All of the data that follows should be retyped exactly, please, except the pictures.

## Supplied data
........

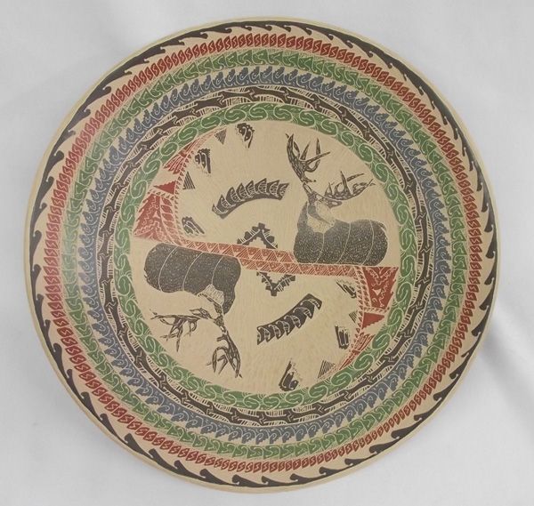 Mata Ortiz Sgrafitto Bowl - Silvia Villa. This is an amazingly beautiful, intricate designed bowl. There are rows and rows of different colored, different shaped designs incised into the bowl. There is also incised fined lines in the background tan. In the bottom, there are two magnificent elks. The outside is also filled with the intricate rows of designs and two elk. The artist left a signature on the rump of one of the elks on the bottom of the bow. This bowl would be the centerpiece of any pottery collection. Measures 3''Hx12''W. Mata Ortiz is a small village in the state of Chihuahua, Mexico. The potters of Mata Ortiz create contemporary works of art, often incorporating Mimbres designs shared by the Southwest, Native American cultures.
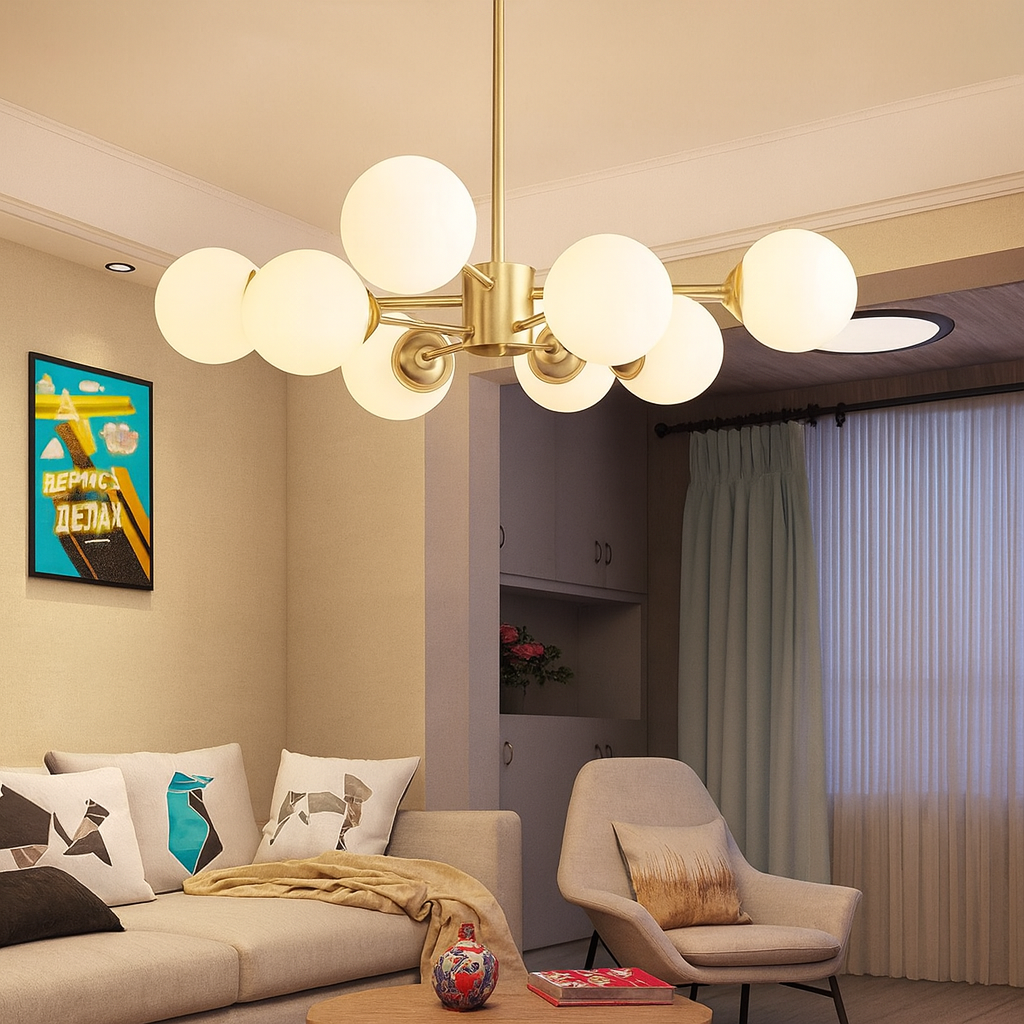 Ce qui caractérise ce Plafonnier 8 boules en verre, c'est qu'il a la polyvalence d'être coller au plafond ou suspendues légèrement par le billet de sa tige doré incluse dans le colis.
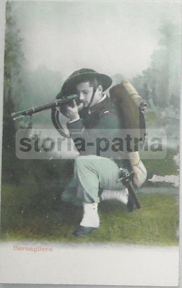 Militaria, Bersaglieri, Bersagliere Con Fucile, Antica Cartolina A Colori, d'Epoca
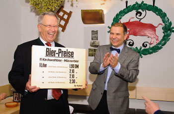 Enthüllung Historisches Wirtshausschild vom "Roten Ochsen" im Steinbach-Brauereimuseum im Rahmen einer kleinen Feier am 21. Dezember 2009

........

## Response to the exercise
 Mata Ortiz Sgrafitto Bowl - Silvia Villa. This is an amazingly beautiful, intricate designed bowl. There are rows and rows of different colored, different shaped designs incised into the bowl. There is also incised fined lines in the background tan. In the bottom, there are two magnificent elks. The outside is also filled with the intricate rows of designs and two elk. The artist left a signature on the rump of one of the elks on the bottom of the bow. This bowl would be the centerpiece of any pottery collection. Measures 3''Hx12''W. Mata Ortiz is a small village in the state of Chihuahua, Mexico. The potters of Mata Ortiz create contemporary works of art, often incorporating Mimbres designs shared by the Southwest, Native American cultures.
 Ce qui caractérise ce Plafonnier 8 boules en verre, c'est qu'il a la polyvalence d'être coller au plafond ou suspendues légèrement par le billet de sa tige doré incluse dans le colis.
 Militaria, Bersaglieri, Bersagliere Con Fucile, Antica Cartolina A Colori, d'Epoca
 Enthüllung Historisches Wirtshausschild vom "Roten Ochsen" im Steinbach-Brauereimuseum im Rahmen einer kleinen Feier am 21. Dezember 2009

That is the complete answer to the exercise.